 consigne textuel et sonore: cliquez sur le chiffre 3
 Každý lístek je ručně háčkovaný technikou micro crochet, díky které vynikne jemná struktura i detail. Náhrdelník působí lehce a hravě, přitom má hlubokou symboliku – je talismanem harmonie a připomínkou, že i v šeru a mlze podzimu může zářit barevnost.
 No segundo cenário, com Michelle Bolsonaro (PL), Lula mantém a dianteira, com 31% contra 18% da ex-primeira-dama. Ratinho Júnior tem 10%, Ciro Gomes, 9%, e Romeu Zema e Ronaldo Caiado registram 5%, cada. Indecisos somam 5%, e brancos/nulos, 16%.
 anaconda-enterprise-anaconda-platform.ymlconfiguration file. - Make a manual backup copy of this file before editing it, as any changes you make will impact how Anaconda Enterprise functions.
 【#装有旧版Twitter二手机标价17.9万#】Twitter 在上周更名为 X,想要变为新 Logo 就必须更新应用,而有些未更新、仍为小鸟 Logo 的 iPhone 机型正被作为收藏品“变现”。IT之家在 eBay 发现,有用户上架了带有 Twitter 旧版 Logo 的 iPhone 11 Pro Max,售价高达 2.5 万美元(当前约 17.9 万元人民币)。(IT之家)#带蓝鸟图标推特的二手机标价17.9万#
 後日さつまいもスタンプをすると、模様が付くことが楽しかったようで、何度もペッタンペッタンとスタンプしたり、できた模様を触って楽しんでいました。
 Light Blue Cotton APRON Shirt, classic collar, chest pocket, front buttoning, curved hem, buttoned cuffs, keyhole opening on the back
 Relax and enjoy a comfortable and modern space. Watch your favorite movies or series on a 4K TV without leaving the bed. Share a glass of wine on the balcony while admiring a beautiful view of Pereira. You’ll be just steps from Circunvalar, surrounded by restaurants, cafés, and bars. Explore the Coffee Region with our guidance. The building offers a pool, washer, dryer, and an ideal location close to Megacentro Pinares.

☆ ☆ ☆ ☆ ☆

Each record above is to be printed again exactly as written.

 consigne textuel et sonore: cliquez sur le chiffre 3
 Každý lístek je ručně háčkovaný technikou micro crochet, díky které vynikne jemná struktura i detail. Náhrdelník působí lehce a hravě, přitom má hlubokou symboliku – je talismanem harmonie a připomínkou, že i v šeru a mlze podzimu může zářit barevnost.
 No segundo cenário, com Michelle Bolsonaro (PL), Lula mantém a dianteira, com 31% contra 18% da ex-primeira-dama. Ratinho Júnior tem 10%, Ciro Gomes, 9%, e Romeu Zema e Ronaldo Caiado registram 5%, cada. Indecisos somam 5%, e brancos/nulos, 16%.
 anaconda-enterprise-anaconda-platform.ymlconfiguration file. - Make a manual backup copy of this file before editing it, as any changes you make will impact how Anaconda Enterprise functions.
 【#装有旧版Twitter二手机标价17.9万#】Twitter 在上周更名为 X,想要变为新 Logo 就必须更新应用,而有些未更新、仍为小鸟 Logo 的 iPhone 机型正被作为收藏品“变现”。IT之家在 eBay 发现,有用户上架了带有 Twitter 旧版 Logo 的 iPhone 11 Pro Max,售价高达 2.5 万美元(当前约 17.9 万元人民币)。(IT之家)#带蓝鸟图标推特的二手机标价17.9万#
 後日さつまいもスタンプをすると、模様が付くことが楽しかったようで、何度もペッタンペッタンとスタンプしたり、できた模様を触って楽しんでいました。
 Light Blue Cotton APRON Shirt, classic collar, chest pocket, front buttoning, curved hem, buttoned cuffs, keyhole opening on the back
 Relax and enjoy a comfortable and modern space. Watch your favorite movies or series on a 4K TV without leaving the bed. Share a glass of wine on the balcony while admiring a beautiful view of Pereira. You’ll be just steps from Circunvalar, surrounded by restaurants, cafés, and bars. Explore the Coffee Region with our guidance. The building offers a pool, washer, dryer, and an ideal location close to Megacentro Pinares.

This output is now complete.